- Developer: MiST Land South
- Platform: Microsoft Windows
- Release: 2002
- Genre: Turn-based tactics
- Mode: Single-player

= Paradise Cracked =

2002 video game

Paradise Cracked (Код доступа: РАЙ) is a cyberpunk single-player turn-based tactics video game. It was created by MiST Land South (renamed as GFI Russia in 2006) for Microsoft Windows and released in 2002.

The player starts as a character named "Hacker" who is just as the name implies. The player starts with a pistol and the ability to hack certain objects (ATMs, Trade Robots, etc.) as well as a journal which gives maps of the area and tells them missions both current and completed. As certain missions are completed, the character's level will increase and skills can have points added to them increasing areas like strength, aim, hacking skill, health points and so forth.

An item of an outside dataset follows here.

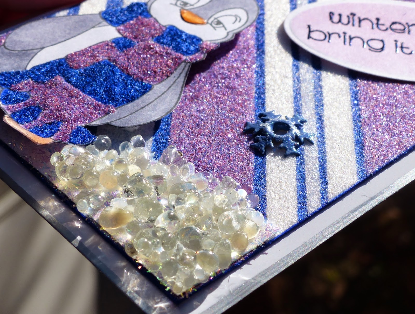 As you can see, I decided to go with the new Big Wet Kisses set and also incorporate the Under the Mistletoe Set 556. Still in Christmas mode I used the Die-Versions Mistletoe die cut to make my seaweed and mistletoe branch. I applied 2 1/2" Tear-ific Tape to white cardstock before die cutting the Mistletoe four times. Then I removed the protective backing and applied the three new opaque Frozen glitters to different stems of the Mistletoe.

The game offers the option to play solo or to join with other characters or groups (such as the mob). Hacker is constantly hunted by the law making teaming up with someone in the best interest of the player's survival. Teaming up will also add new missions to Hacker's journal.

Additional weapons, items, and body armor can be acquired by purchase or by killing another player. The character's strength determines what weight of weapons, items etc. he can carry while certain clothing will increase or decrease the number of items they can carry. The heavier the weight, the less distance the character can move in a given turn. As strength and level increase, so will a character's distance he can travel.

The game never really gained much ground in terms of commercial success.